+++ MATERIAL FOR THIS EXERCISE
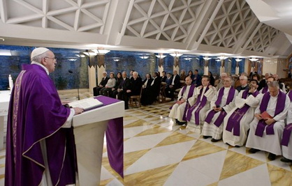 Sprediķī pāvests skaidroja dienai paredzētos Svēto Rakstu lasījumus. Šoreiz viņš pakavējās pie Izceļošanas grāmatas 32. nodaļas, kurā aprakstīta Mozus iestāšanās un lūgšana par savu tautu, ko bija izvedis no Ēģiptes zemes. Dievs tautu bija atmetis, jo tā sāka pielūgt no metāla izlietu teļu. Francisks uzsvēra, ka Mozus lūgšana ir ļoti drosmīgs solis. Viņš nebaidījās vērsties pie Dieva ne tikai ar savu pazemību, bet arī ar pārliecību, atgādinot Viņam Ābrahamam, Izākam un Jēkabam dotos apsolījumus, ka no viņu pēctečiem izveidos lielu tautu. Mozus it kā gribēja sacīt: «Tu taču viņiem apsolīji, un apsolījums ir jāizpilda». Tāda lūgšana ir iespējama tad, kad mēs sarunājamies ar Dievu «vaigu pret vaigu», teica pāvests. “Lai tā lūgtos, ir vajadzīga drosme. Bet mēs bieži esam remdeni. Varbūt kāds teiks: «Jā, es lūdzos, bet tikai tādēļ, ka man ir šāda vai tāda problēma.» Jā, es noskaitīšu divas reizes lūgšanu «Tēvs mūsu», divas reizes lūgšanu «Esi sveicināta», un ar to pietiks. Nē, šāda papagaiļa stila lūgšana nav laba. Patiesa lūgšana ir saruna ar Jēzu. Kad mēs lūdzamies par kādu, tad to ir jādara ar drosmi. Cilvēki savā ikdienas sarunā bieži lieto vārdus: «Vajag iet uz pilnu banku», un tie izsaka ļoti daudz. Lūgšana par citiem ir ļoti svarīga. Lai ietu uz priekšu, ir vajadzīga drosme. Tomēr sirdī var iezagties šaubas: «Es lūdzos, bet vai es varu būt drošs, ka Kungs mani uzklausīs?» Mūsu garants ir Jēzus. Viņš ir lielais starpnieks.” Uzrunas turpinājumā pāvests norādīja, ka Jēzus, kurš uzkāpa Debesīs un sēž pie Tēva labās rokas, iestājas un lūdzas par katru no mums. Pirms savām ciešanām Jēzus apsolīja Pēterim, ka lūgsies par viņu, lai viņa ticība būtu stipra. Šajā brīdī Jēzus lūdzas arī par mums. Viņš paņem mūsu lūgšanu un to ieliek Tēva rokās. Jēzum nekas nav jāsaka. Viņš parāda Tēvam savas rētas. Tēvs redz Dēla rētas un dod žēlastību, skaidroja Francisks. Viņš aicināja dziļāk apzināties lūgšanas svarīgo nozīmi savā dzīvē. Vaticannews.va |
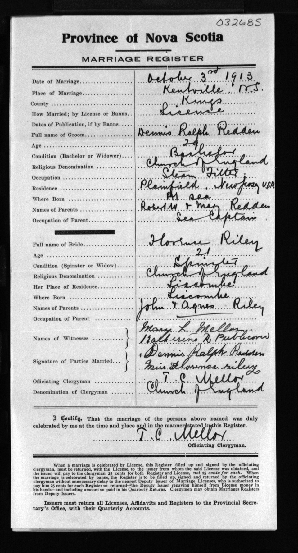 Registration: Year: 1913 number: 32685
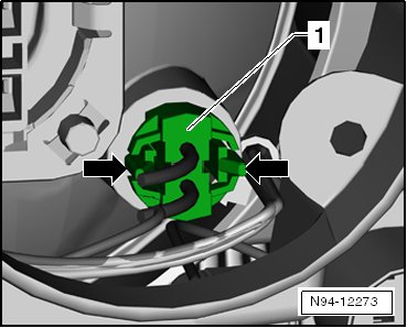 - Press both releases - arrows - and pull the bulb socket and parking lamp bulb - 1 - out of the reflector. Pay attention to the wires still connected.
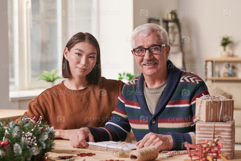 Портрет счастливого старшего человека и его внучки, сидящих за столом и упаковывающих рождественские подарки вместе дома
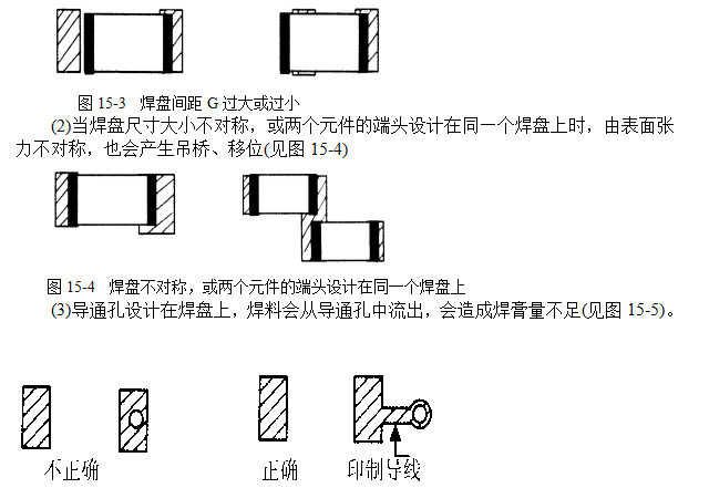 (2)焊盤間足L—確保元件端頭或引腳與焊盤哈當?shù)拇罱映叽?。焊盤間距過大或過小都會引起焊接缺陷;(見圖15—1)。
++++++
The lines wanted run from the line containing "Registration: Year: 1913 number: 32685" through the end of the entries; return them exactly, both ends included, and keep pictures out.

 Registration: Year: 1913 number: 32685
 - Press both releases - arrows - and pull the bulb socket and parking lamp bulb - 1 - out of the reflector. Pay attention to the wires still connected.
 Портрет счастливого старшего человека и его внучки, сидящих за столом и упаковывающих рождественские подарки вместе дома
 (2)焊盤間足L—確保元件端頭或引腳與焊盤哈當?shù)拇罱映叽?。焊盤間距過大或過小都會引起焊接缺陷;(見圖15—1)。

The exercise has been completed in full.